License # Bytes % Bytes
GPL 2 or above 60,637,907 39%
GPL 2 only 32,215,150 21%
GPL, Ver unspecified 19,773,264 13%
Other 43,762,840 28%
All Combined 156,389,161 100%

In a follow up post, kripken, compares his results vs. a much less thorough analysis that Linus did using:

[torvalds@g5 linux]$ git-ls-files ‘*.c’ | wc -l
Result= 7978
[torvalds@g5 linux]$ git grep -l “any later version” ‘*.c’ | wc -l
Result= 2720

Comparing the two, we see that Linus estimates 34% (2720 / 7978) of the kernel being “GPL 2 or above”, while kripken estimated 39%. As kripken says himself, the two pieces of analysis point towards a relatively similar result, but his analysis took several hours, and Linus needed about 10 seconds.

So what did we learn?
I’m all for using “perfect” data and analysis to make decisions. But sometimes, actually, most of the time, perfect data isn’t available. This can call into question the analysis that relies on the imperfect data. In my days of forecasting, I’d often explain to colleagues and execs that the right data wasn’t available, so here are some assumptions I’m making and its impact on the final results. Some would quickly “get it” and make a decision based on “the best data and analysis available within the timeframe at hand”. Others couldn’t get over the hurdle of using imperfect data to make decisions, and would attempt to find “the missing data”.

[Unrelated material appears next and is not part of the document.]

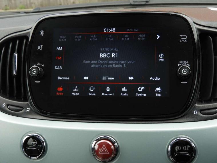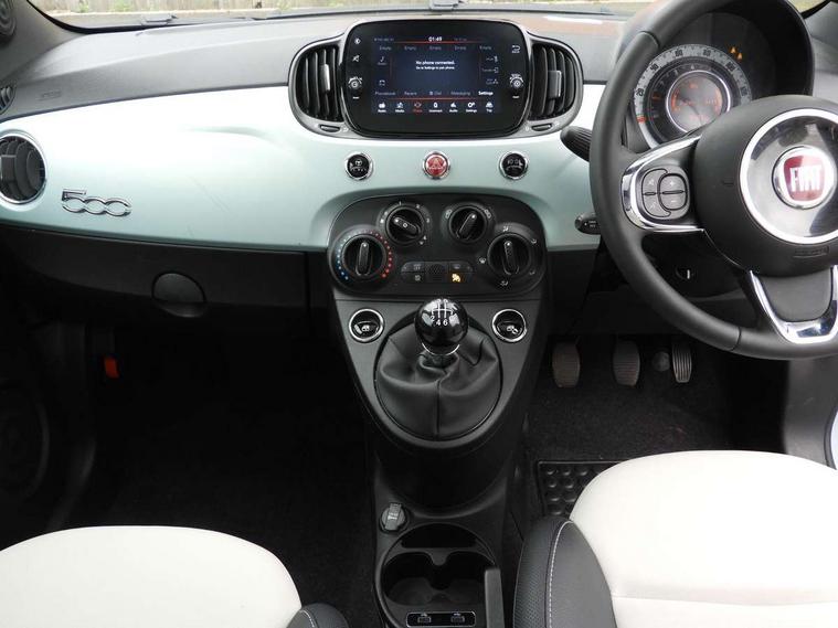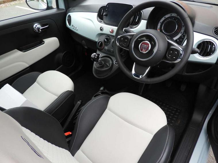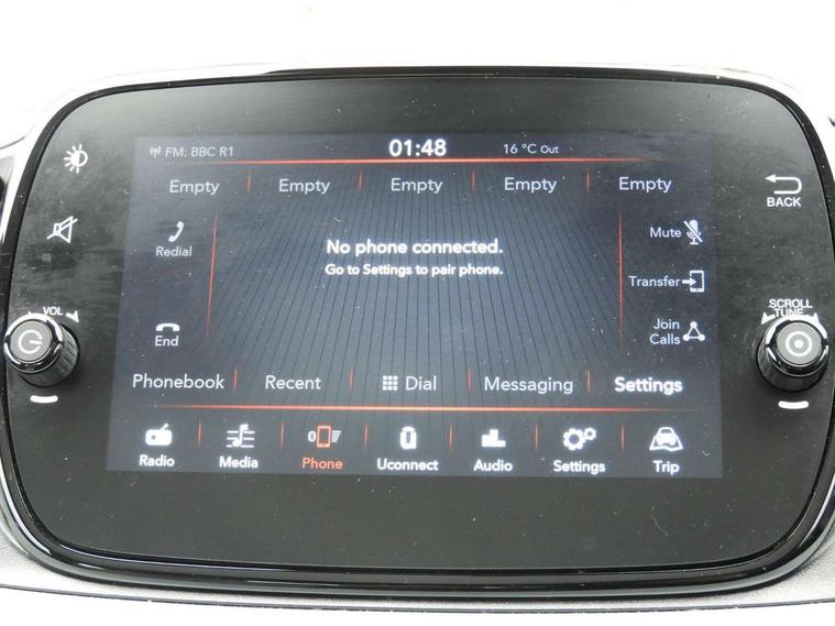 Apple car play/Android Auto, Cruise control, E-call, External temperature gauge, Power assist steering, Rear parking sensor, Speed limiter, Stop/start system, Trip computer, 4 speakers, 7" HD Touchscreen Radio, Bluetooth, USB and DAB, Rear speakers, 3rd brake light, Auto headlights, Body colour bumpers, Body coloured electrically adjustable door mirrors, Chrome plated exterior door handles, Dolcevita badge on fender, Dusk and rain sensors, Electric front windows, Fixed glass sunroof with sunblind, Front fog lights, Halogen headlamps, Heat insulated glass, Heated rear windows with wash wipe, LED daytime running lights, Rear side wing doors, Rear wiper, 1 passenger grab handle, 2 seat bench in second row, 50/50 split folding rear seats with height adjustable rear headrests, Air conditioning, Auxilliary 12V power socket, Chrome kit, Front headrests, Height adjustable drivers seat, Height adjustable steering wheel, Isofix child seat preparation, Single front passenger seat, Techno leather steering wheel with audio controls, 7 airbags - Driver, passenger, side, window and drivers knee airbags, ABS/EBD, ESC + ASR/MSR + HBA + Hill holder, Manual passenger airbag deactivation function, Traction control, Tyre pressure monitoring system, Automatic door locking, Immobiliser, Locking fuel filler cap, Remote central locking, 15" Alloy wheels,

I remember discussing this with a manager at the time. He said something like:

“You’ll find that there’s very little you can tell a really good executive that he/she doesn’t already know or have a gut feeling for. These people probably got to where they are because they are able to combine disparate sources of imperfect data (i.e. a customer call, a conference pitch, talking with their friends, kids, neighbors, etc) to spot trends before the rest of us can. As a result, they’re much more likely to accept analysis based on imperfect data. They’re more worried about acting based on the best analysis available, than deliberating so long that the opportunity has passed.”

That’s one thing open source developers, projects and vendors seem to do really well; spot trends and make decisions without “all the data in the world”. This could be because they’re closer to the user and open source communities foster two-way dialogue between creators and users. Come to think of it, maybe open source actually allows for “better data” collection?